> **Exercise directions**
Every line in the records below that holds "company" must be identified and copied.

> **Task input**
....
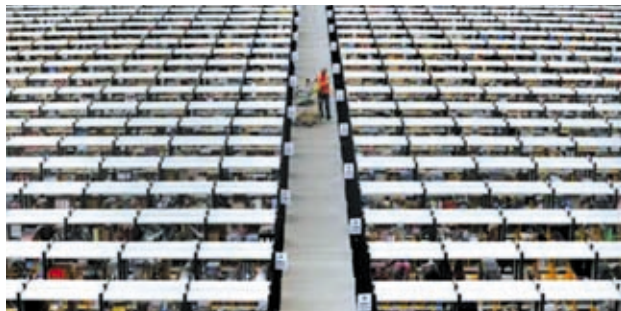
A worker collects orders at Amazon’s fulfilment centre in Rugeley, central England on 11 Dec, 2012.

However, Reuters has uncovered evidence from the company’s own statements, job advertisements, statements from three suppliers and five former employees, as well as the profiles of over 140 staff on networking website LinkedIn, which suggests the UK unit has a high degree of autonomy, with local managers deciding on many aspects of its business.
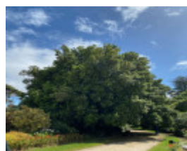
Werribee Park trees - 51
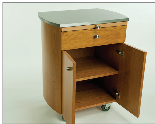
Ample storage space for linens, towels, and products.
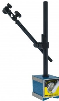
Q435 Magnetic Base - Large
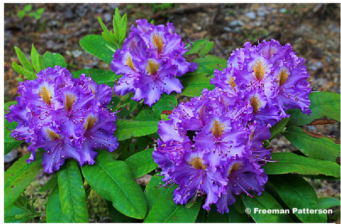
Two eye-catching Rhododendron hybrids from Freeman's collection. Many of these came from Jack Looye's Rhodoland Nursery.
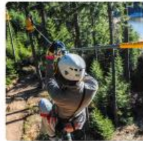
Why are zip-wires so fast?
....
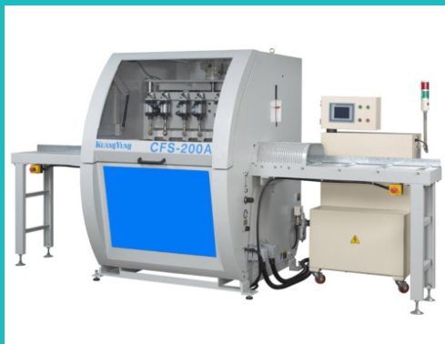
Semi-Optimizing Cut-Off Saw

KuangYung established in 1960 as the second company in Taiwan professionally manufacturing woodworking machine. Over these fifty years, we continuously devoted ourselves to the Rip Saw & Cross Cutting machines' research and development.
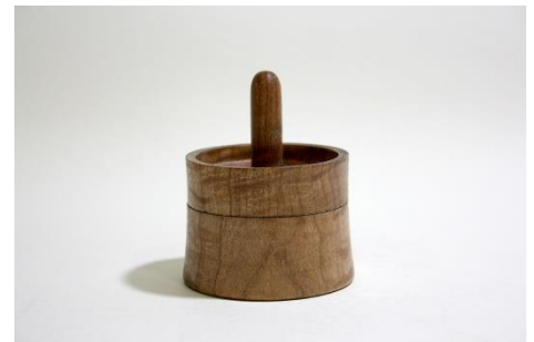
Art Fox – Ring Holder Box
....
> **Result below**
However, Reuters has uncovered evidence from the company’s own statements, job advertisements, statements from three suppliers and five former employees, as well as the profiles of over 140 staff on networking website LinkedIn, which suggests the UK unit has a high degree of autonomy, with local managers deciding on many aspects of its business.
KuangYung established in 1960 as the second company in Taiwan professionally manufacturing woodworking machine. Over these fifty years, we continuously devoted ourselves to the Rip Saw & Cross Cutting machines' research and development.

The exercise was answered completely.